24 April 2020
Angela Page: Large-scale sequencing initiatives around the globe are generating massive volumes of clinical genomic data that have the potential to inform research into human health and disease. But controlling access to these data is currently a cumbersome endeavor. Researchers must be properly authorized and their intended use must match the datasets’ consented use. The GA4GH Data Use and Researcher Identities Work Stream aims to create the standards required for efficient access control. The group has now released two standards that help streamline and automate this process: Data Use Ontology and GA4GH Passport Specification. For this episode, we’re speaking with the product leads of these independent deliverables, Melanie Courtot and Craig Voisin, about the challenges presented by data access control and the solutions they’re developing within their teams. Melanie is a coordinator for metadata standards and the archival infrastructure and technology team at EMBL-EBI. She got involved with GA4GH in 2016 and now co-leads development of the data use ontology standard. Craig is a software engineer at Google where he leads a team that provides federated access solutions across public clouds. He joined GA4GH in 2018 and co leads development of the GA4GH passport standards. Thank you both so much for speaking with us today.

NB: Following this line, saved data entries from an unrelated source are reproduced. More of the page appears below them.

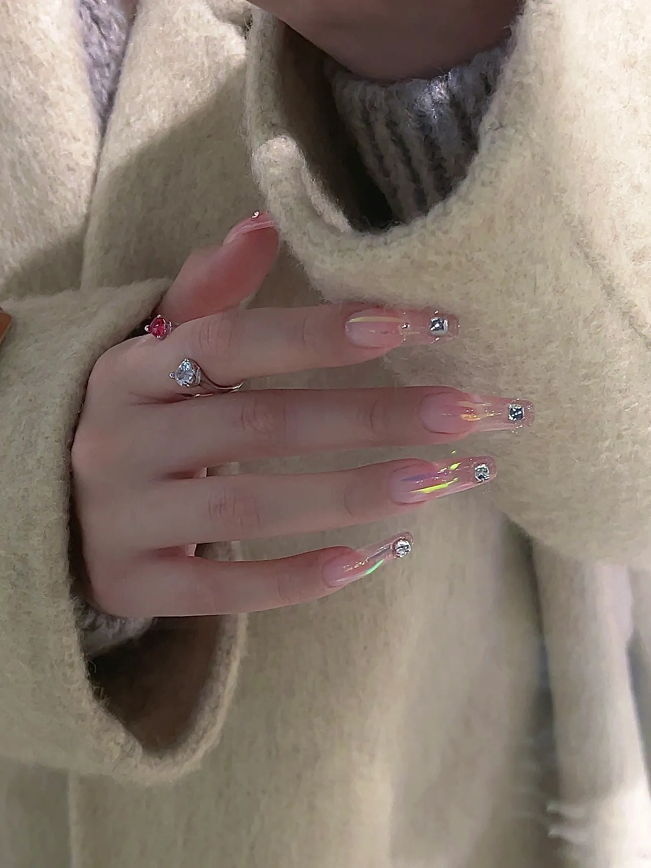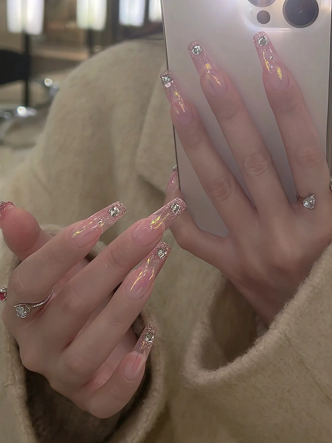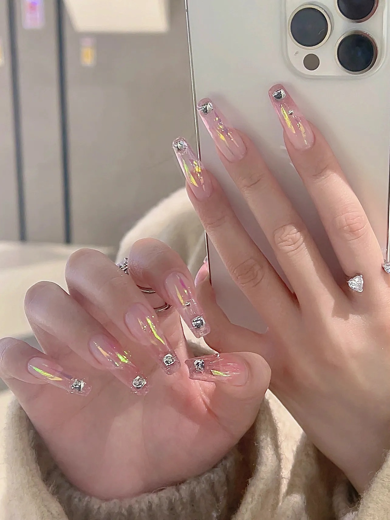 有一点动心💓|冰透粉玻璃渐变延长美甲
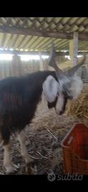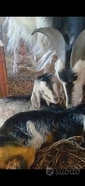 Capra di primo parto , con due capretti maschio e femmina
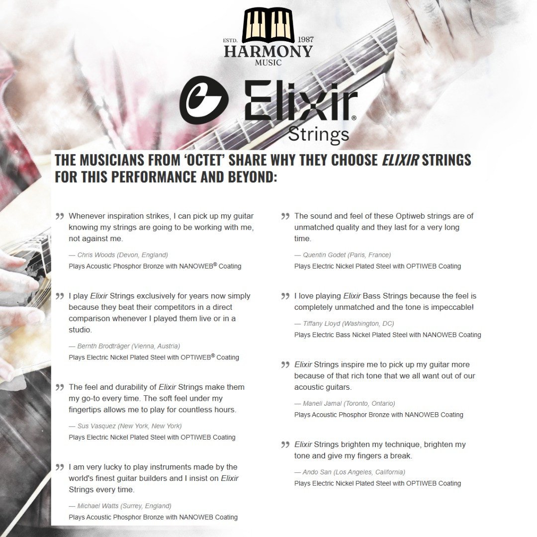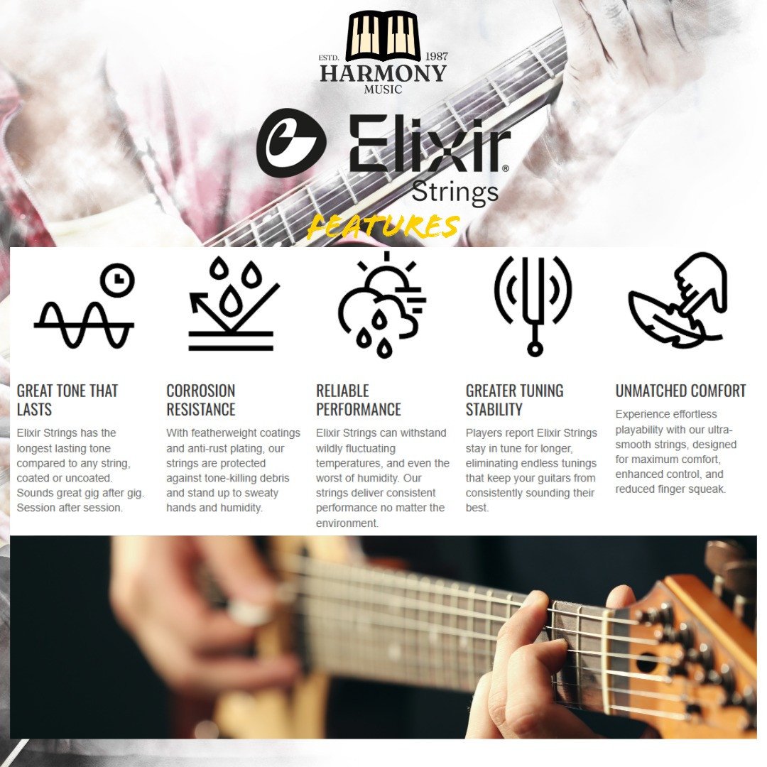 Elixir Nanoweb strings are coated guitar strings designed for extended tone life, with an ultra-thin coating that protects against corrosion and gunk from fingers. They are known for their bright, clear tone and smooth feel, which reduces finger squeak and makes them easy on the fingers. This coating results in a longer-lasting string, meaning fewer changes are needed, and provides consistent performance.
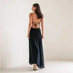 SABO Womens Harlie Maxi Dress Strappy Lace Cut Out Open Back Sleeveless Large
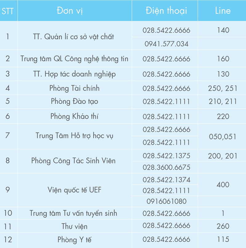 Số điện thoại liên hệ các khoa, phòng, trung tâm, viện của UEF
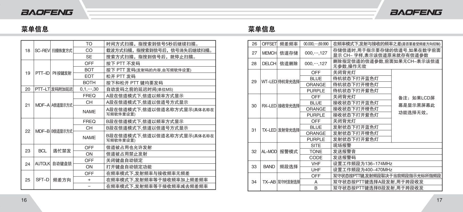 BAND:U/V频段切换(U段 400-470MHz / V段 136-174MHz)
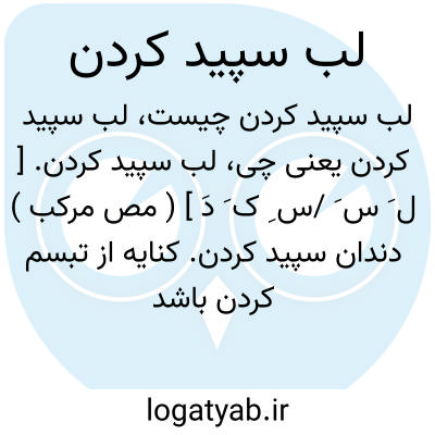 لب سپید کردن. [ ل َ س َ /س ِ ک َ دَ ] ( مص مرکب ) دندان سپید کردن. کنایه از تبسم کردن باشد یعنی نیم خند شدن. ( برهان ):
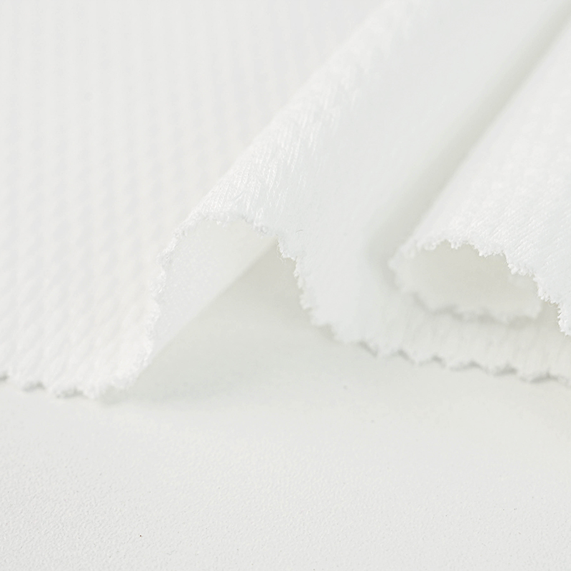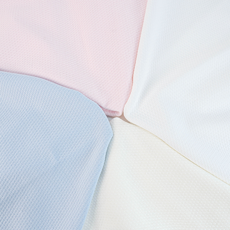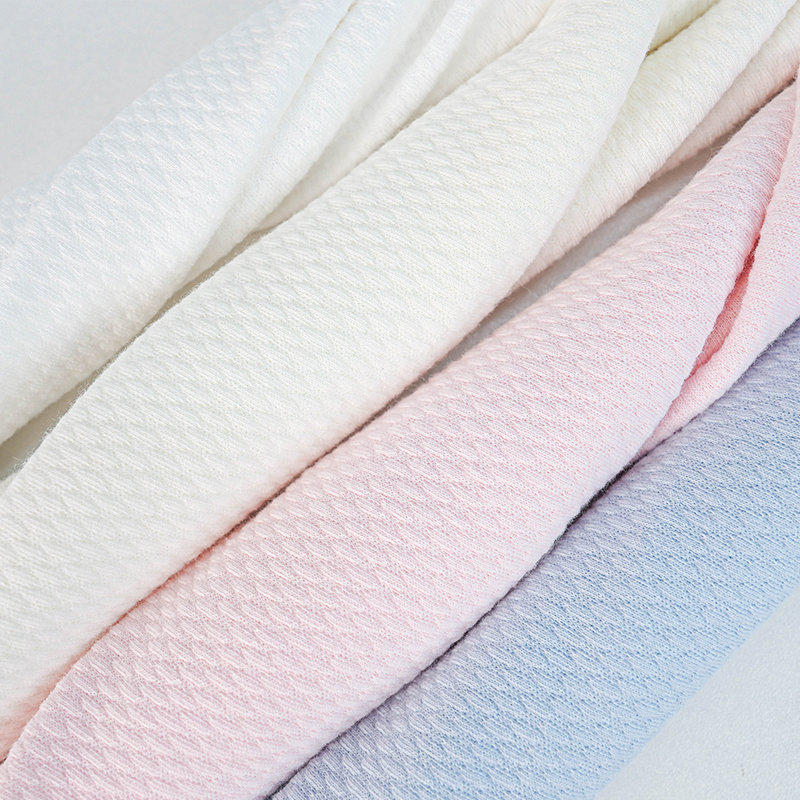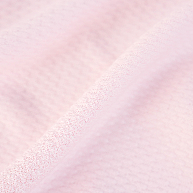 Это простая жаккардовая ткань с пузырьковой сеткой шириной 185 см и весом 240 г/м2. Характеристики процесса: 95% расчесанный хлопок + 5% спандекс, сотканная на жаккардовой машине для создания трехмерной текстуры пузырьковой сетки и формирования структуры микровоздушного слоя. Эта ткань эластична и подходит для многосуставной деятельности ребенка. Уникальная структура пузырьковой сетки может уменьшить площадь контакта с кожей на 40%, и она не липкая при ношении летом. Рекомендуемые области применения включают спальные мешки для новорожденных, одежду для ползания и комбинезоны для защиты живота, особенно для детей с потливым телом.
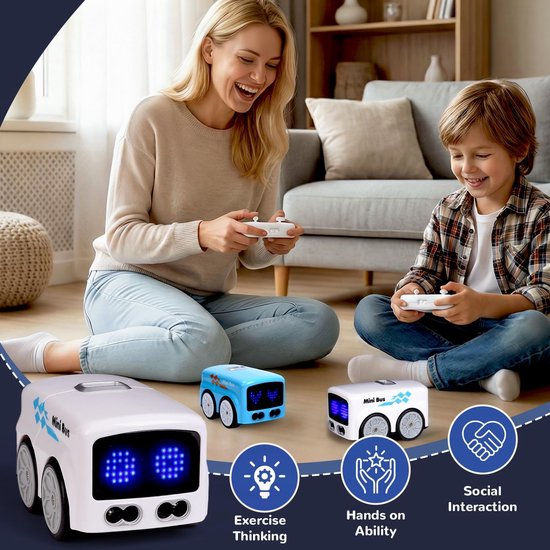 2.4G Afstandsbediening Slimme Bus (Blauw) - Lijnvolgend, Gebaarvolgend & Ontwijkend, Educatief Interactief Speelgoedauto voor Kinderen

Craig Voisin: Thank you very much
Melanie Courtot: It’s a pleasure to be here with you.
Angela Page: To get us started, what does the landscape of data access look like right now?
Melanie Courtot: So right now, unfortunately, the process to get access to data is really, really long. It takes between two to six weeks to actually retrieve the data you may be interested in. Once you have found the dataset you are interested in, you need to request access to the data from a Data Access Committee, which is the organization managing the access rights. It means You need first to identify and get approval from somebody in your institution with an institutional signing official and that person is the legal responsible for your usage of the datasets. Then you need to write a description for your project, and how you intend to use the data, agree to terms and condition, and this is all done manually in plain text at the moment.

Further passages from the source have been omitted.